Using Prefect

This is basically a diary of getting started with prefect and prefect cloud.

I skipped over Airflow entirely, but I need to learn something and prefect seems interesting and it works with Dask+Coiled which is really cool. I'm pretty comfortable with python and stuff, but unlike so much else I am learning, I am really starting at 0 here. Cool.

The long term goal is to replace a very strange workflow I have:

  • A lambda function hits an API once an hour, and stores some documents to mongoDB. Why mongoDB? Because I needed a cheap database that can enforce unique constraints. The API doesn't really have a highwater mark, so need to handle duplicates.
  • A google cloud function runs one a day, writing new data to bigQuery. Because the implementation was very simple, I don't have a highwater mark here either, and I do some clumsy pandas stuff to avoid inserting duplicates.
  • A bigquery job is triggered about an hour after that, to calculate some intermediate outputs that is used in a dashboard.

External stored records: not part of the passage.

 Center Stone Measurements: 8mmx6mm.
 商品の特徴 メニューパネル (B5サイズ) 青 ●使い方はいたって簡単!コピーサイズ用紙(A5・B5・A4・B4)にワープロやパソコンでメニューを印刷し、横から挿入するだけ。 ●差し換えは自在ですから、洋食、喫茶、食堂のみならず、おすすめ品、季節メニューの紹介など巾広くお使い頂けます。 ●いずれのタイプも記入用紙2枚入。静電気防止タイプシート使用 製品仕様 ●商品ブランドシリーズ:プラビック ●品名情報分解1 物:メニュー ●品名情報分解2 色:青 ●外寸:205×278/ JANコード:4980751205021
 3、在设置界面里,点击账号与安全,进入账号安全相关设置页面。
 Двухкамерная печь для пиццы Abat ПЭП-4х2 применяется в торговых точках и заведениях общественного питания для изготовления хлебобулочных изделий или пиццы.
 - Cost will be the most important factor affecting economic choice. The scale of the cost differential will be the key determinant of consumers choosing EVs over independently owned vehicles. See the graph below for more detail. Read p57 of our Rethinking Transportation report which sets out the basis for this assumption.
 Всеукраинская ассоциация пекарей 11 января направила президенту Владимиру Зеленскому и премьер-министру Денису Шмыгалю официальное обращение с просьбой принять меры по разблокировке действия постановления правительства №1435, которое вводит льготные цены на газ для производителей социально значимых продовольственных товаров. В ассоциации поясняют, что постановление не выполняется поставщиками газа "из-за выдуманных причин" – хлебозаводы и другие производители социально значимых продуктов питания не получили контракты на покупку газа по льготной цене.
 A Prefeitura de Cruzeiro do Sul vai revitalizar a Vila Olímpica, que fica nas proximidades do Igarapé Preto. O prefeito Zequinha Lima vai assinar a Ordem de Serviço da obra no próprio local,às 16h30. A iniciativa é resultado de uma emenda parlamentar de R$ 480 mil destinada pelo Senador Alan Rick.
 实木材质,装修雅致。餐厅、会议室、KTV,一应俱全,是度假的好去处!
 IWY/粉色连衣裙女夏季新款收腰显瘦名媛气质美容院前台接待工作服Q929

Signing up and getting started

  1. The password policy is almost good. But I don't like hard requirements, entropy counts. Cool that it uses okta though.

  2. Where is my API key? I'm just guessing I need an API key and it turns out I'm right. With Coiled, the first thing you see is an API key and some commands. I don't like having to look for (and even generate) this stuff. Found it though, and created a config file. Cool that it follows a common pattern - I'm used to this from AWS and others.

  3. Why are there several similar but different "hello world" examples? It turns out there is a reason, you need to register a flow and then run it, but I'm new to all this so... Anyways, I figured it out. Sticking to running from the dashboard from now. The "quick run" button is sweet.

  4. Yay I copy-pasted code and it ran! Granted I needed a few tries, but I did something and something happened and there is a green color on the dashboard. Wonder what it was I did though.

  5. WTF why am I getting a deprecated warning? I haven't written a single line of code that hasn't been copy-pasted from the website. Turns out the config file is now supposed to say api_key = "XXX" instead of api_token = "XXX". Kind of hard to spot that one, and I seem to be unable to find where I copy-pasted that from. All I can find now is instructions that say api_key.

  6. Damn, executors and agents are confusing.

  7. Why aren't there more complex examples? Documentation is OK, but it never shows the whole picture.

  8. please please tell me I don't need an agent running 24/7 just because I want to trigger a job once a day. Isn't that what prefect cloud was supposed to do? What does actually Prefect cloud do? Is is just a dashboard? What am I missing?

  9. Where is coiled? Seriously they did a whole webinar about it and I can't find a single mention of coiled on the prefect site and only a symbolic mention of prefect on the coiled website. Nice partnership. Resorting to googling, seems there is a github issue that explains the basics. Sorry, but github issues != documentation. That said though, the solution made sense and perhaps I should have figured this out myself.

  10. How is this stuff handled in production? In a CI/CD environment? If I'm testing some changes to a flow and I want to push it to production? Is it normal to register the flow in the same file as the flow is defined or is that just a simplification for the hello-world example?

Code beyond copy-paste

My first goal is to get this to run on coiled. I already have Coiled installed, so I need to get the two talking. Experimenting with ECS failed (I don't know that much about ECS and the documentation assumed I did).

I am able to do a run on coiled by using a DaskExecutor, passing an actual Coiled cluster object (coiled.Cluster, not a string or anything) as cluster class.

I am using a LocalRun run-config for this, and starting a local agent.

This is all simple enough, but I need to register an environment in coiled that has prefect. While that's really a simple task and I have done it a couple of times before, I do it rarely enough to have forgotten each time. This is cool though. Basically it seems to be working I just need to get my ducks in a row.

It's amazing what copy-paste can do. create_coiled_env.py will create an env on coiled, using the environment.yaml file we have here locally.